The central government’s debt restructuring plan went into effect March 15 and could be appealed, although Skeel expects the judge to confirm that.

The board said the plan, signed by federal judge Laura Taylor Swain, would cut Puerto Rico’s public debt by 80 percent and save the island more than $50 billion in debt payments as some creditors agreed to deep cuts. Board members noted that the plan reduced claims against the government from $33 billion to just over $7.4 billion, with 7 cents of every tax dollar going to the service. debt service, compared with 25 cents previously.

“This period of financial crisis is coming to an end,” said Natalie Jaresko, chief executive officer of the board. “We’ve accomplished what many thought was impossible.”

The plan also avoids proposed pension cuts that have led to heated debates and created a rift between the board and Puerto Rico’s legislature and the island’s governor, which has vehemently opposed.

The plan notes that Puerto Rico has enough resources to repay its debt through 2034, but critics say the government does not have enough money to meet debt payments and warns of austerity measures. belly.

Jaresko brushed off those worries, saying that despite the budget cuts, there were no layoffs or agency closures.

“It’s not austerity,” she said. “People look at the last 5 years and think it’s going to stay that way forever, but it’s not.”

Still pending are debt restructurings by several government agencies, including the Puerto Rico Highway and Transportation Authority and the Puerto Rico Electric Power Authority, the largest debt holder.

“This is very important for the Puerto Rican economy because if it means increasing energy costs, it makes us less competitive,” said José Caraballo, Puerto Rican economist and professor. than.

He added that the island will likely enter the market in three to five years to issue bonds for capital projects but warned that it should avoid repeating past mistakes.
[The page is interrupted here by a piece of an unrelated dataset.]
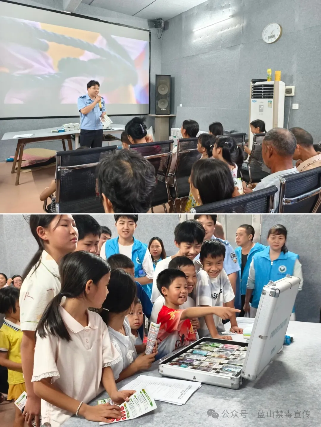 接着,大家一同观看蓝山县原创的青少年防范药物滥用禁毒宣传视频《警惕才是终极铠甲》。视频里,“缉毒美少女战士”能识破不少毒品,但碰到伪装成 “减肥药”的“蓝宝宝”,因为不懂相关知识就中招了。这告诉大家,面对新型毒品,一定要提高警惕。

“Borrowing is playing with fire,” he said. “You need to have people who know what they’re doing. Otherwise, people can go back to this disaster of what we call a debt crisis.”

Governor Pedro Pierluisi said that although the plan passed Tuesday was far from perfect, it represented a big step forward for the island’s economic recovery.

“We still have a lot of work ahead of us,” he said.

José Luis Dalmau, president of Puerto Rico’s senate and a member of the main opposition party, also praised the plan, calling it a transcendent step for the island’s economic recovery.

“From this point on, a new page of fiscal responsibility, good governance, and unity will lead to a more prosperous economy, job creation environment and more fiscal stability,” he said.

Jaresko noted that the plan has railings to prevent a repeat of the island’s debt crisis, including allowing only long-term loans for capital improvement projects. The council, known as “la junta” in Puerto Rico and opposed by many, is expected to last for at least three more years, or until Puerto Rico has four consecutive balanced budgets, said Skeel. speak.

“We’re not going to stay longer than a day on our mission,” Jaresko said. “Our goal is to accomplish what we have been instructed by Congress.”